- Bangalee
- Coordinates: 24°00′19″S 151°25′55″E﻿ / ﻿24.0052°S 151.4319°E
- Country: Australia
- State: Queensland
- City: Tannum Sands
- LGA: Gladstone Region;

Government
- • State electorate: Gladstone;
- • Federal division: Flynn;
- Time zone: UTC+10:00 (AEST)
- Postcode: 4680

= Bangalee, Queensland (Gladstone Region) =

Bangalee is a beachside town on Wild Cattle Island within the locality of Tannum Sands, Gladstone Region, Queensland, Australia.

== Geography ==
Bangalee is on the south eastern tip of Wild Cattle Island which is separated from the mainland by Wild Cattle Creek. Most of the island is within Wild Cattle Island National Park. Bangalee is outside of the national park and consists of a number of houses along the beach.

The island can be accessed by boat or by crossing Wild Cattle Creek at low tide, a distance of 600 m. Visitors to the national park may not cross Wild Cattle Creek in vehicles, only on foot. Residents and guests of properties in Bangalee may cross the creek in 4WD vehicles to access their properties. There are no roads on the island but the eastern side of Wild Cattle Island is a long sandy beach providing access to Bangalee by 4WD.

== History ==
Bangalee is Aboriginal word, already used for the town of Bangalee in New South Wales, meaning the stream known to Europeans as Shoalhaven River (also Sandy Beach).
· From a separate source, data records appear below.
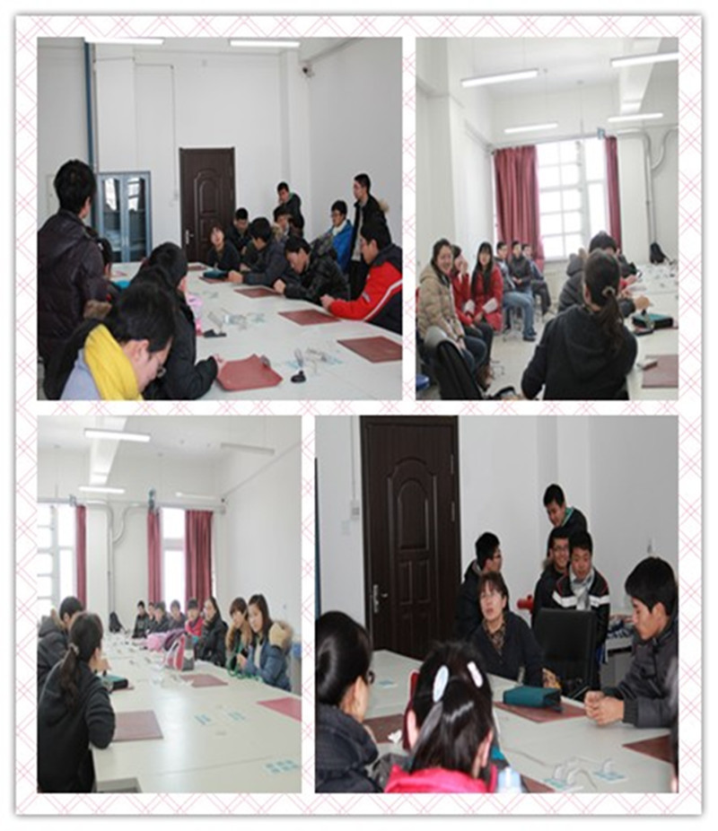为进一步深化和加强学风建设,优化和提升学习环境,全力培养和打造一届“严谨为学、励志笃行”的新时代优秀老员工,suncitygroup太阳成集团2011级陆续开展了以“深化学风建设,优化学习环境”为主题的系列活动。为更好地关心员工学习生活,了解员工期末复习情况,促进员工的全面发展,suncitygroup太阳成集团2011级四班于2012年12月26日13:30在中心校区李四光实验楼533室举办了期末备考座谈会,suncitygroup太阳成集团副经理、2011级四班班导师嵇艳鞠教授与651104班全体同学参加了此次座谈会。
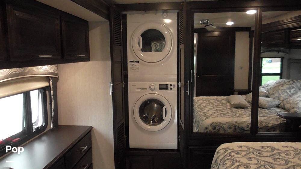 The RV boasts beautiful tile floors and a spacious bedroom with a king-size bed. The bedroom is equipped with ample closet space and a washer and dryer conveniently located within the closet. Additionally, it features a spacious bathroom with a full-size shower stall.
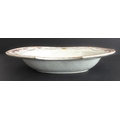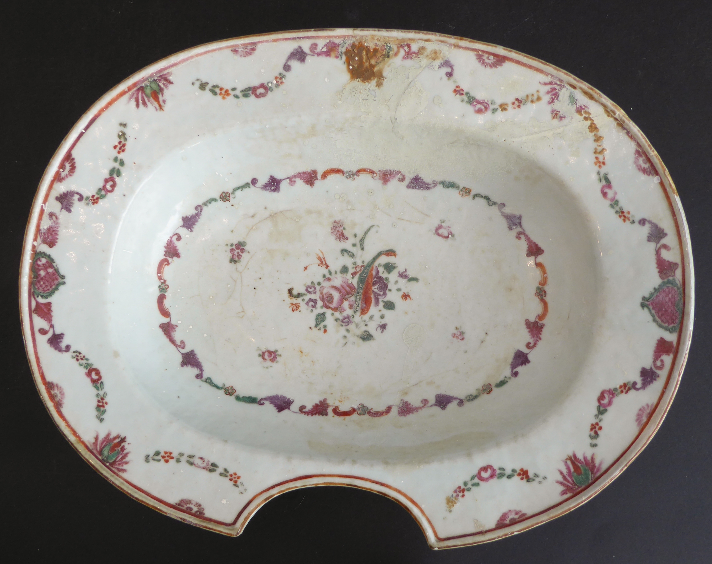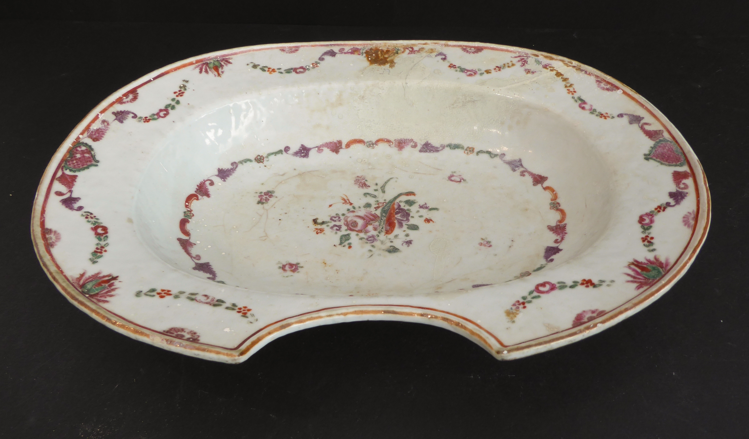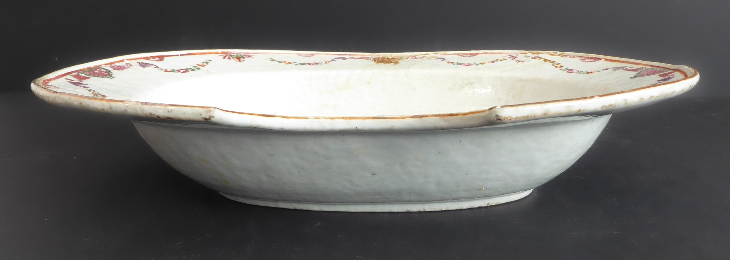 An 18th century Chinese porcelain barber's bowl of oval form (old damage and restorations): decorated with swags and floral sprays (32cm wide x 6.25cm high)
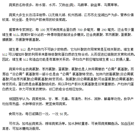 孕媽媽的飲食對于寶寶的健康非常有影響,那么孕期吃什么對寶寶最好呢?想必這是大家都很關心的問題,所以今天我們的小編就為大家簡單的介紹一下,孕媽媽多吃莼菜可增強造血功能。

Bangalee was officially named as a township by Queensland Place Names Board on 1 April 1972.

== Education ==
The nearest government schools are Tannum Sands State School and Tannum Sands State High School, both in the town of Tannum Sands on the mainland.

== Amenities ==
Bangalee has no amenities, but shops and other services are available in the town of Tannum Sands.

== Hazards ==
Saltwater crocodiles have been sighted on Wild Cattle Island and in Wild Cattle Creek.